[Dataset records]
▬▬▬▬▬▬
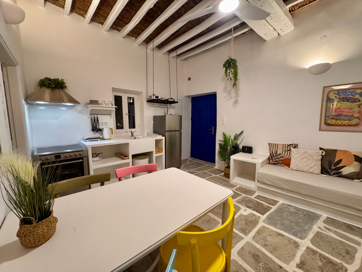 Situé au cœur de la pittoresque Chora d'Ios, ce véritable appartement cycladique est charmant, coloré et intime, situé dans l'un des quartiers les plus pittoresques et reposants de Chora, où vous pourrez profiter d'une vue imprenable sur le village (Chora) et la mer Égée ! Le mélange de design d'intérieur traditionnel et contemporain crée l'élégance et le luxe, avec une touche de gaieté dans la sélection des couleurs, dans le choix des objets et des textures.
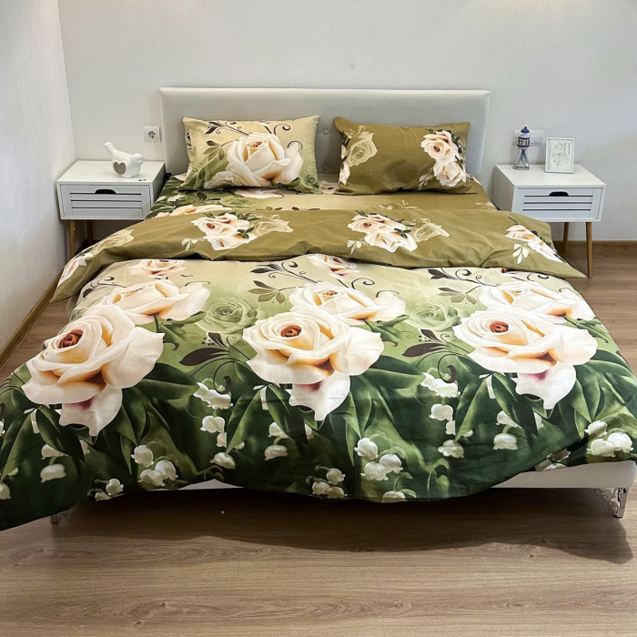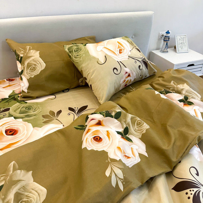 Постельное белье LeLIT P-0108, Поликоттон, Коричнево-зелёный, Семейный
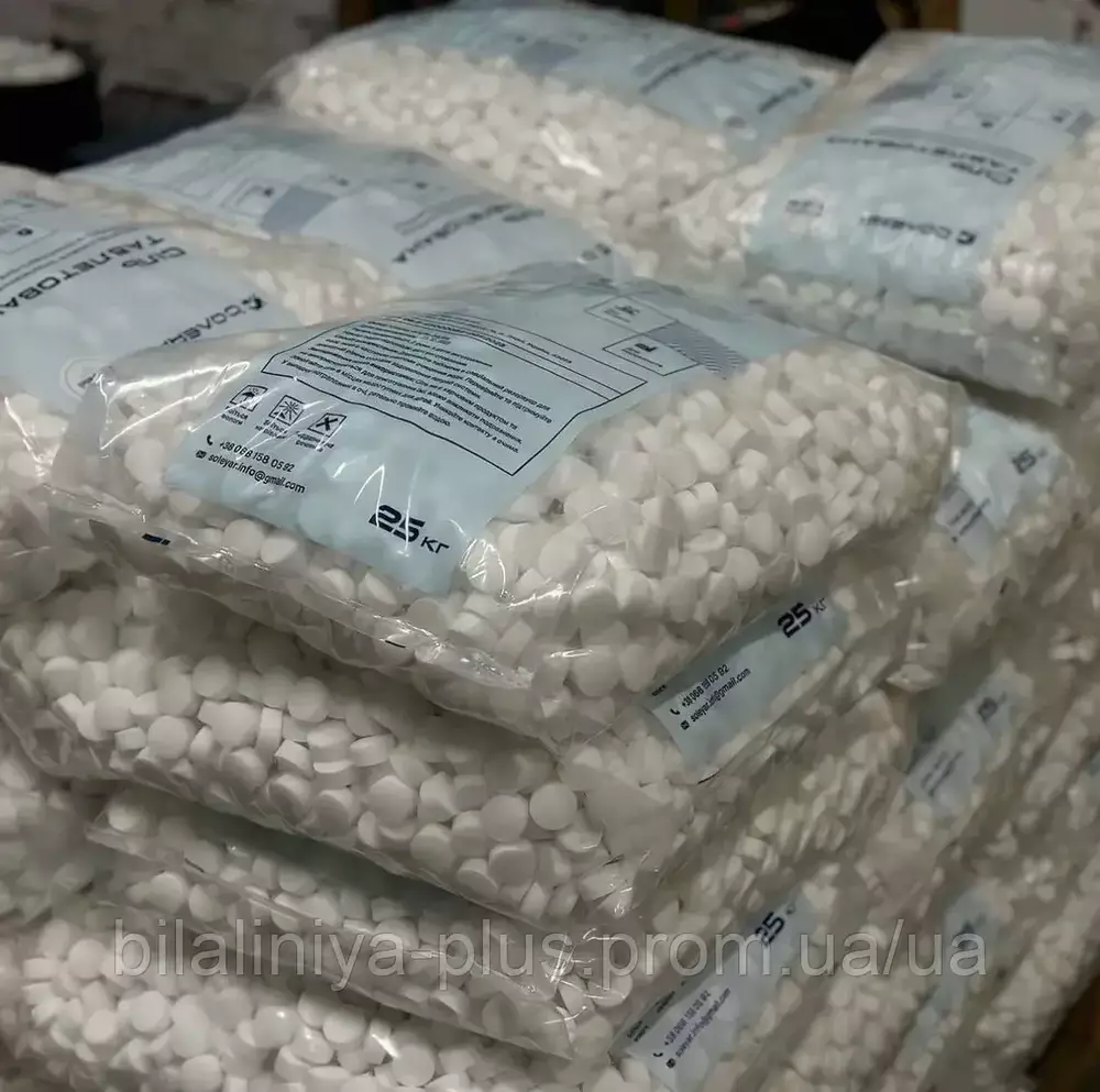 Наше підприємство виробляє таблетовану сіль європейського рівня якості, тому ми надаємо всі необхідні сертифікати.Таблетована сіль (NaCl) - спресована у вигляді таблетки та ідеально підходить для відновлення властивостей іонообмінних смол, що використовуються в різних системах очистки води.
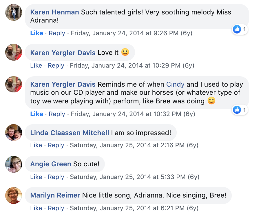 Once Adrianna has played a song once or twice, Bree can often be heard in the background singing along (with her own made-up words). Bree picks up tunes quickly.
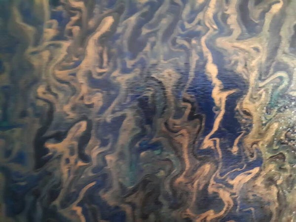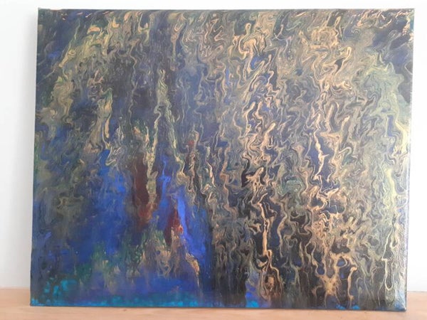 Something blue and violet is shimmering in the distance...but it's hard to see through the liquid gold dripping down in the foreground. Beautiful colors and dynamic gold squiggles make this piece a feast for the eyes.
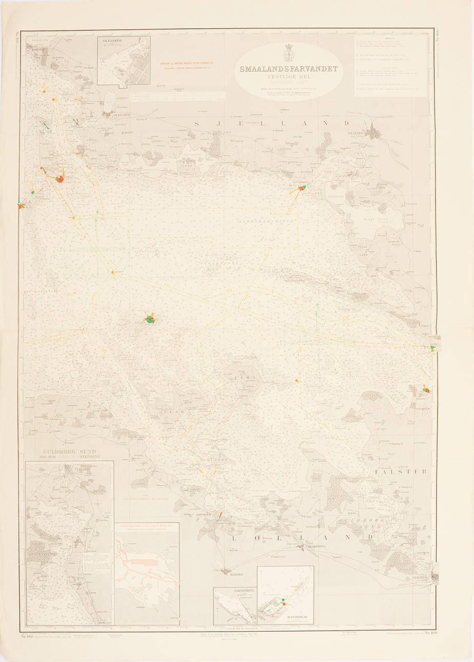 SJÖKORT DANMARK, 4 st, 1950-60-tal. Titlar bl.a.: Svendborg sund + Guldborg sund, Lim fjord
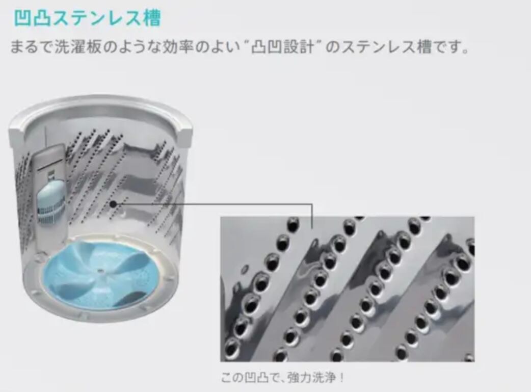 まるで洗濯板のような効率のよい「凸凹設計」のステンレス槽です。
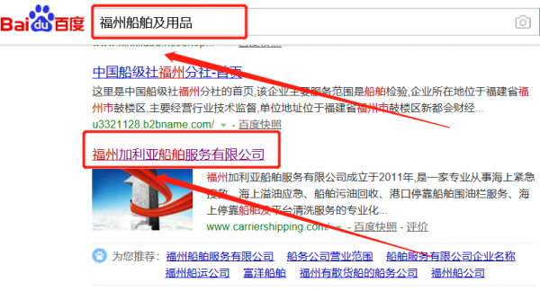 福州加利亞船舶服務有限公司與本司簽約百度快照排名協議
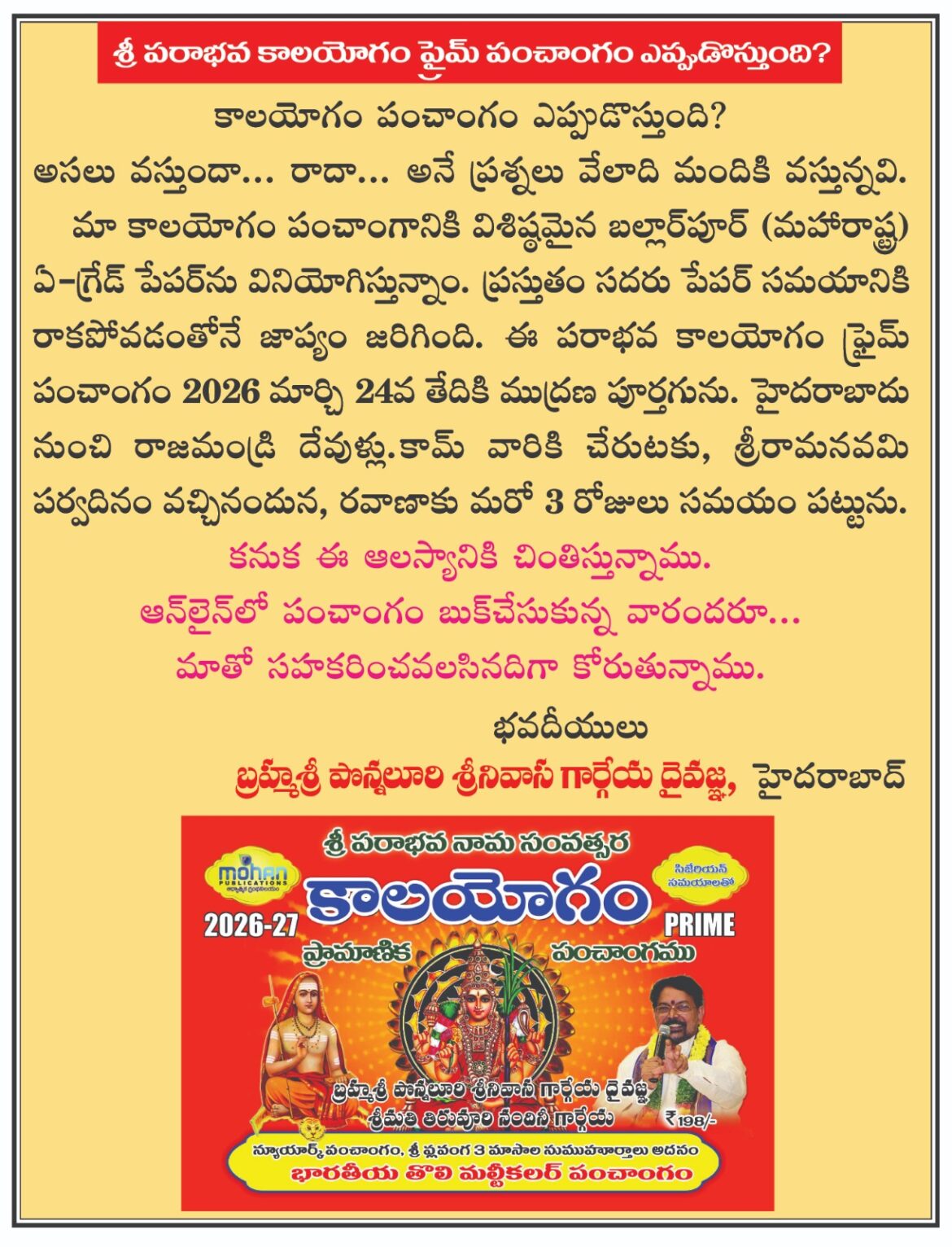 ArticlesAstrologyBlogsLatest శ్రీ పరాభవ కాలయోగం ప్రైమ్ పంచాంగం ఎప్పుడొస్తుంది ? by gargeyaastro March 14, 2026 written by gargeyaastro March 14, 2026 684 0 comment 0 FacebookTwitterPinterestEmail gargeyaastro previous post Panchangam From March 19-23 2026 next post 26 March 2026 You may also like TO ORDER PANCHANGAM 2026-2027 PLEASE CALL TO 83410... April 5, 2026 Panchangam from 2026 APRIL 13-17 April 5, 2026 Panchangam from 2026 APRIL 8-12 April 5, 2026 Panchangam from 2026 APRIL 3-7 April 5, 2026 Panchangam from March 29- April 02 2026 March 29, 2026 Panchangam from march 24-28 2026 March 29, 2026 26 March 2026 March 15, 2026 Panchangam From March 19-23 2026 March 14, 2026 కుజ దోషము సంపూర్ణ వివరణ January 3, 2026 2026 జనవరి, ఫిబ్రవరి ధనస్సు, మకరాలలో చాతుర్గ్రహ కూటములు 12... January 3, 2026 Leave a Comment Cancel Reply Save my name, email, and website in this browser for the next time I comment.
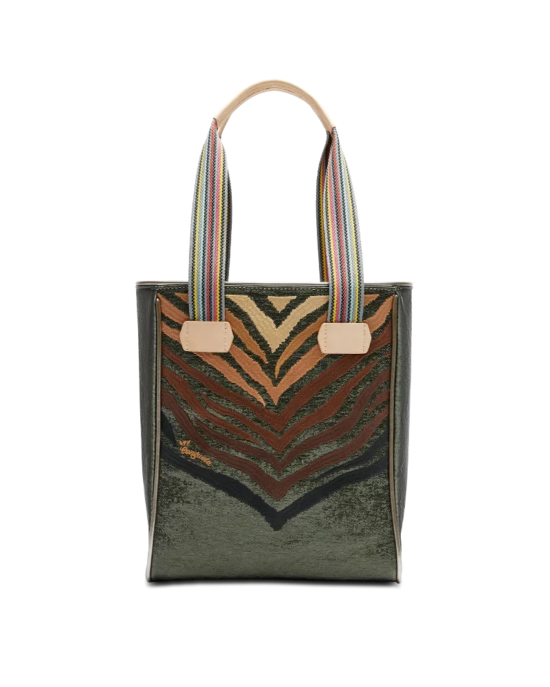 A new member to the Classic Tote family- meet the little sister, Chica! This multi-functional tote is trimmed in natural leather, created to hold its shape, and makes life on-the-go easy with inside pockets- perfect for carrying your essentials.
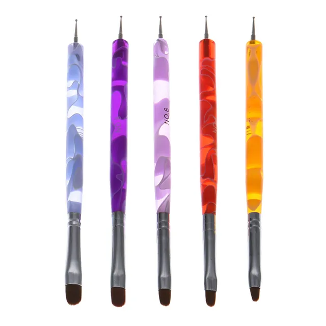 5pcs Dotting Tool 5pcs 2 Ways Acrylic Uv Gel Nail Art Dotting Brush
▬▬▬▬▬▬
» WHAT IS NEEDED: Leave out the pictures. Transcribe only the lines above, from the first through the one that contains "福州加利亞船舶服務有限公司與本司簽約百度快照排名協議".

» RESPONSE AREA:
 Situé au cœur de la pittoresque Chora d'Ios, ce véritable appartement cycladique est charmant, coloré et intime, situé dans l'un des quartiers les plus pittoresques et reposants de Chora, où vous pourrez profiter d'une vue imprenable sur le village (Chora) et la mer Égée ! Le mélange de design d'intérieur traditionnel et contemporain crée l'élégance et le luxe, avec une touche de gaieté dans la sélection des couleurs, dans le choix des objets et des textures.
 Постельное белье LeLIT P-0108, Поликоттон, Коричнево-зелёный, Семейный
 Наше підприємство виробляє таблетовану сіль європейського рівня якості, тому ми надаємо всі необхідні сертифікати.Таблетована сіль (NaCl) - спресована у вигляді таблетки та ідеально підходить для відновлення властивостей іонообмінних смол, що використовуються в різних системах очистки води.
 Once Adrianna has played a song once or twice, Bree can often be heard in the background singing along (with her own made-up words). Bree picks up tunes quickly.
 Something blue and violet is shimmering in the distance...but it's hard to see through the liquid gold dripping down in the foreground. Beautiful colors and dynamic gold squiggles make this piece a feast for the eyes.
 SJÖKORT DANMARK, 4 st, 1950-60-tal. Titlar bl.a.: Svendborg sund + Guldborg sund, Lim fjord
 まるで洗濯板のような効率のよい「凸凹設計」のステンレス槽です。
 福州加利亞船舶服務有限公司與本司簽約百度快照排名協議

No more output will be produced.